Outro desafio aponta, que a cada ano, a LMP vem perdendo prioridade, força e recursos orçamentários à medida em que está sendo secundarizada, no plano das políticas públicas pelo governo federal, e por extensão com enfraquecimento que repercute nas demais instâncias estaduais e municipais. Segundo informações preliminares, do Instituto de Estudos Socioeconômicos (INESC),e, extensivo a ONU Mulheres (2020), informam que quase 50% dos serviços de atendimento às mulheres agredidas já foram desativados (DEAMs, Centro de Referência, Casas Abrigo, Secretarias e Conselhos, entre outros equipamentos). Tal enfraquecimento recai sobre as redes de proteção e acolhimento de mulheres em situação de violência, indicando que o Estado brasileiro não tem evidenciado urgência para dar eficácia a LMP.

Sem dúvida, há desafios que dizem respeito ao não investimento na capacitação de agentes públicos da segurança, da justiça e da saúde, sobretudo, que não se qualificaram, não desenvolveram uma cultura auditiva e de empatia, não se habilitando a escutar e dar credibilidade às mulheres em suas trajetórias de violências. É reconhecível que está havendo carência de qualificação, recursos, sensibilidade e empenho por parte deste corpus de servidores/as. Associada a tais insuficiências pode agravar-se a escassa produção de dados estatísticos confiáveis com periodicidade assegurada, evidenciando o monitoramento da LMP, o que sem dúvida lhe daria eficácia.

Lamenta-se ainda, que o risco de desmantelamento da LMP possa vir a representar, sem dúvida, uma tragédia anunciada, assim como os demais desmontes em relação às políticas públicas que atingem mulheres: indígenas, pretas, desempregadas, pobres, rurais, ciganas, trans e periféricas, além de todas as demais que se encontram em situações de vulnerabilidade. Sabe-se que a LMP sozinha, não mudaria as mentalidades, mas deveria garantir às mulheres violentadas acolhimento, assistência e proteção ao denunciarem seus agressores.

Assim, a expectativa da quebra de muitos dos desafios expostos seria exatamente de criar mecanismos e estratégias de priorizar seu fortalecimento, por toda a sociedade brasileira a semelhança do que vem sendo realizado com a mobilização do levante feminista articulado a diversas organizações na Campanha Nacional contra os Crimes de Feminicídio: Nem pense em nos matar, quem mata uma mulher mata toda a humanidade. Com certeza, todas as mulheres devem ter assegurado o seu direito de existir, de viver dignamente, e esse é o maior desafio que representa a LMP.

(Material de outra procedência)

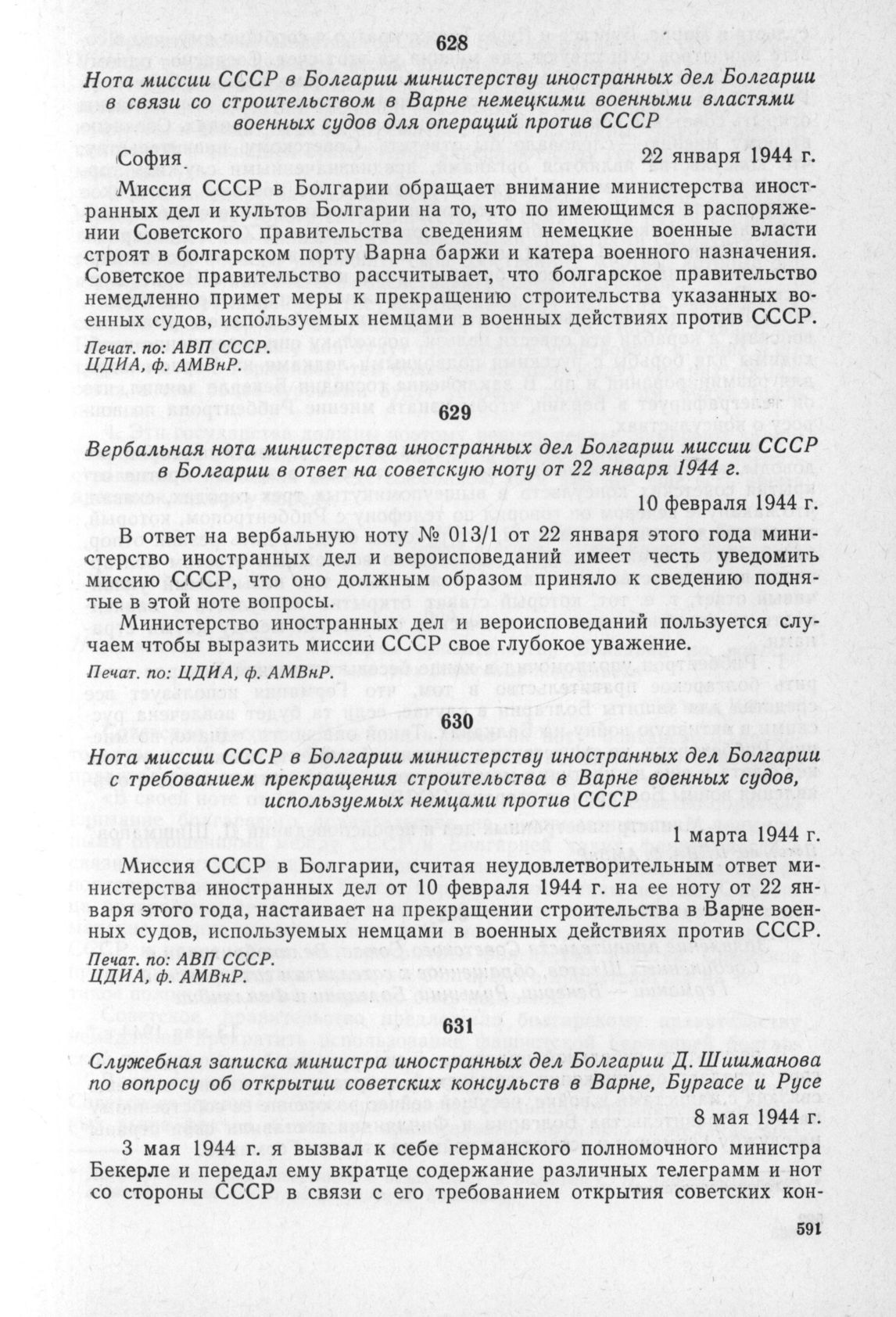 Вербальная нота министерства иностранных дел Болгарии миссии СССР в Болгарии в ответ на советскую ноту от 22 января 1944 г. 10 февраля 1944 г. // Печат. по: ЦДИА, ф. АМВнР.
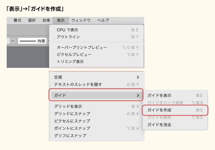 まず、線や図形などのオブジェクトを選択した状態で、表示メニューの「ガイド」から「ガイドを作成」を選択します。
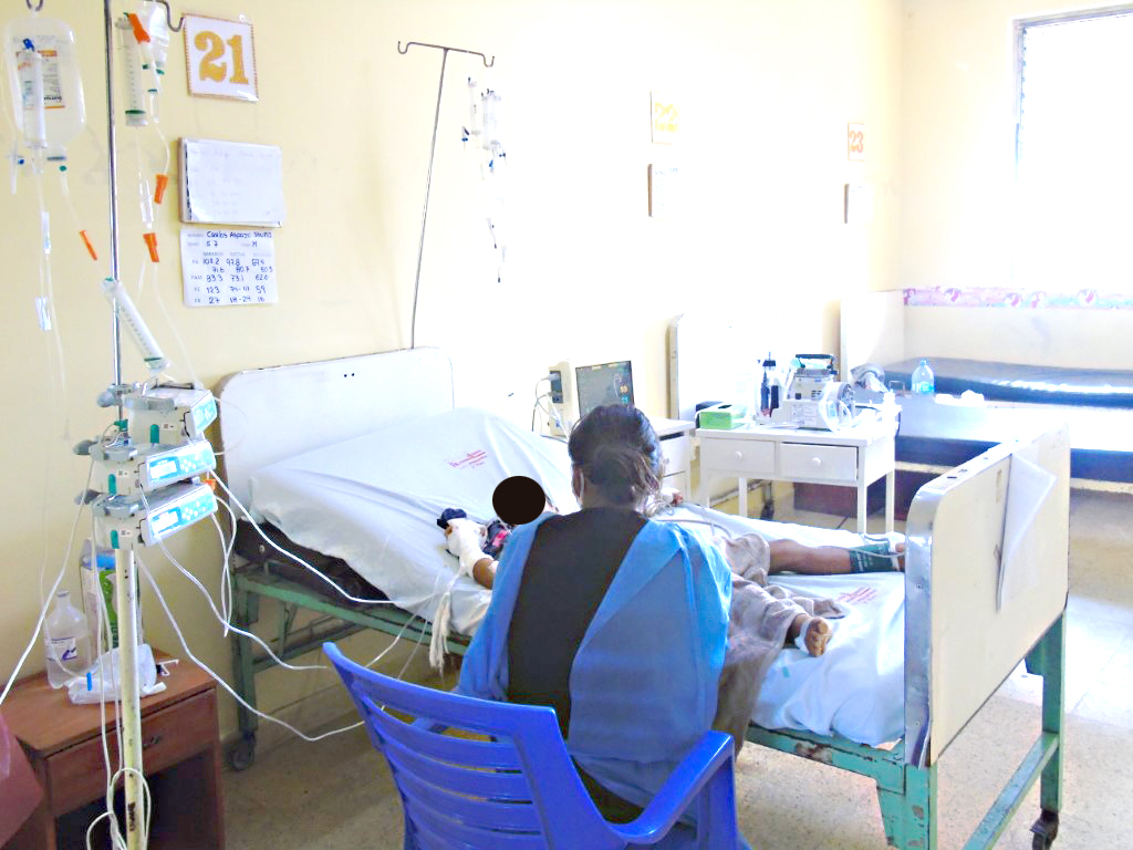 Siete en el pabellón de pediatría y tres en UCI pediátrica. De los tres… dos con ventilación mecánica y uno al que le retiraron el tubo, ya no está intubado. (Un pequeño de año y medio trasladado desde Yurimaguas).

Outro desafio é de buscar o diálogo entre os agentes públicos, sobretudo da segurança e do judiciário para avançar na ruptura com as discriminações e estereotipações que ainda recaem sobre as mulheres, de modo geral.

Concluo lembrando que pode haver campanhas educacionais ao esclarecimento, informações sobre diretos e acessos, uma vez que está no texto da LMP o seguinte pressuposto: “União, Estados e Municípios devem promover ações que busquem o destaque nos currículos escolares, de todos os níveis de ensino, para os conteúdos relativos aos direitos humanos, à equidade de gênero e de raça ou etnia e ao problema da violência doméstica e familiar contra a mulher (…) integração operacional do Poder Judiciário, do Ministério Público e da Defensoria Pública com as áreas de segurança pública, assistência social, saúde, educação, trabalho e habitação”.

Tais disposições legais, como outras, não têm sido plenamente efetivadas com a seriedade e profundidades necessárias nos últimos anos, uma vez que predominam resistências, medos e desconhecimentos ao abordar e discutir as relações de gênero na sociedade, mas sobretudo nos bancos escolares, entre servidores/as e nas esferas do corpus jurídico. Com certeza estes entraves se constituem um dos maiores desafios à plena efetivação da LMP.

Manter um horizonte de esperança é urgente e necessário, pois  viver uma vida sem violência é o direito de todas as mulheres brasileiras.

*Lourdes M. Bandeira é professora titular aposentada do Departamento de Sociologia da Universidade de Brasília (UnB).